The problem wasn’t them, the problem was my acceptance of my reality.

My acceptance of reality. My counselor (my Randy) and I have spent a lot of time trying to get to the point of acceptance. It’s hard. And it’s not a “one and done” thing. Some days you might accept it better than others. Actually some days you will accept it better than other.

We have often used the analogy of a mountain hike (not full blown mountain climbing, but a pretty solid but tough work out.)

You’re hiking to the top of the mountain and things are moving along. And then the “sometimes” become now. And sometimes you walk on the path and sometimes you stumble and get your knee scraped up and your pride hurt. And sometimes you slide off the path and take a hard roll down a pretty steep hill and end up playing a pinball game with your head against the trees on the way down.

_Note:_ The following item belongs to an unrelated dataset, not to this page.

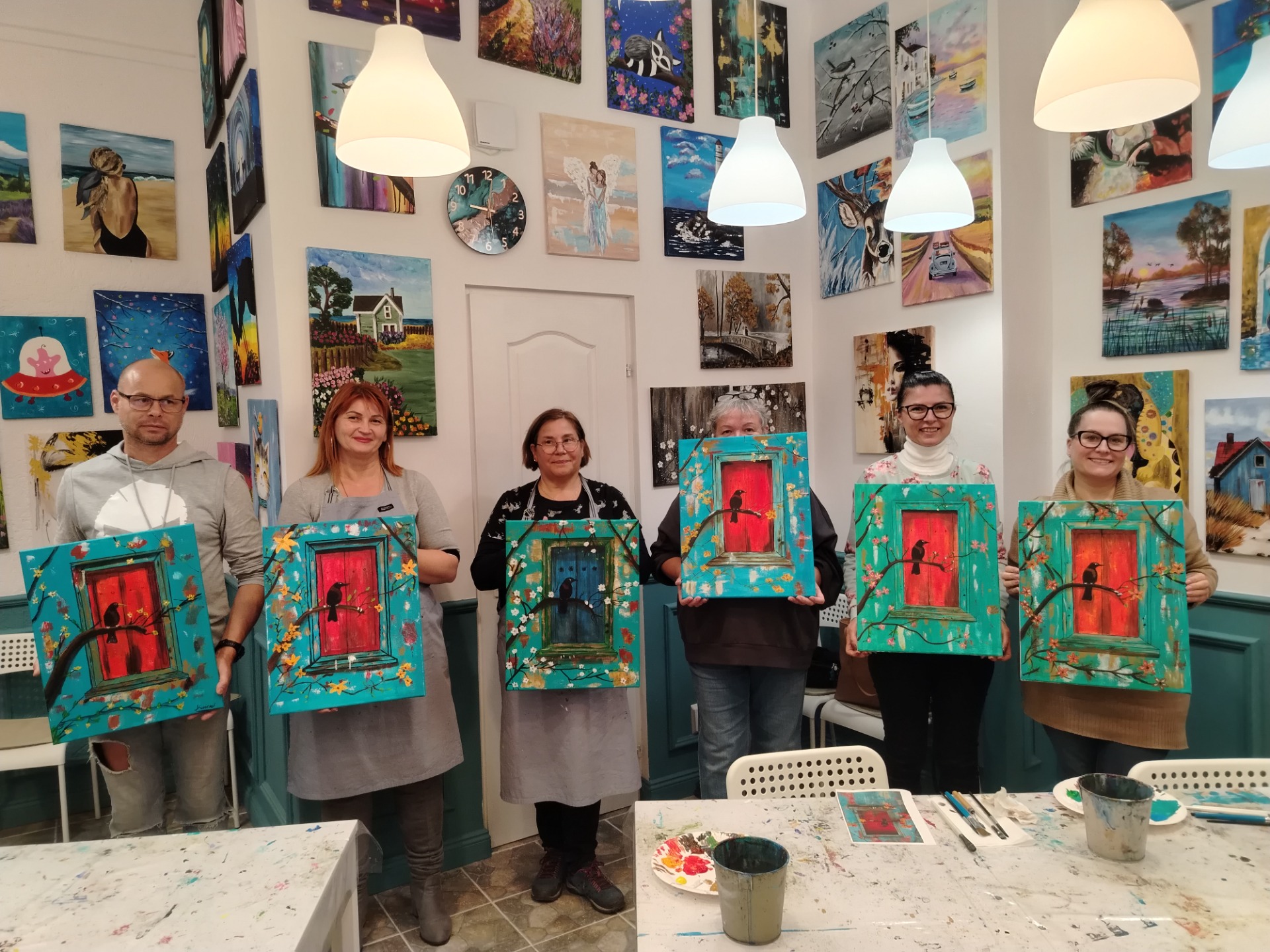 A résztvevők gyönyörű képeket hoztak létre; mindegyik festmény saját hangulatot kapott, és külön öröm volt látni, mennyire felszabadultan alkottak a végére. A "madárkaka" megfestésénél pedig kitört a nevetés – sosem gondoltam volna, hogy valaha ilyet festek, de imádtam a helyzetet! 😄

But you get up, brush off the dirt, clean off the scrapes and cuts and you start moving. It’s at a different pace than before, it’s a limp rather than an energetic jaunt.

But you keep moving forward.

Because that’s who we are. The very fact that you are signed up in this group means you aren’t a quitter. You’re either asking for help yourself, asking for help for a loved one, or you’ve made it to the top of the mountain and are saying, "Hey guys, come on up - the view is amazing!

I’m not the same. You probably aren’t either. But we keep going and rely on others to help when we are faced with obstacles we can’t face alone.

“The problem wasn’t them, the problem was my acceptance of my reality.” @ModSupport - thanks, Merl.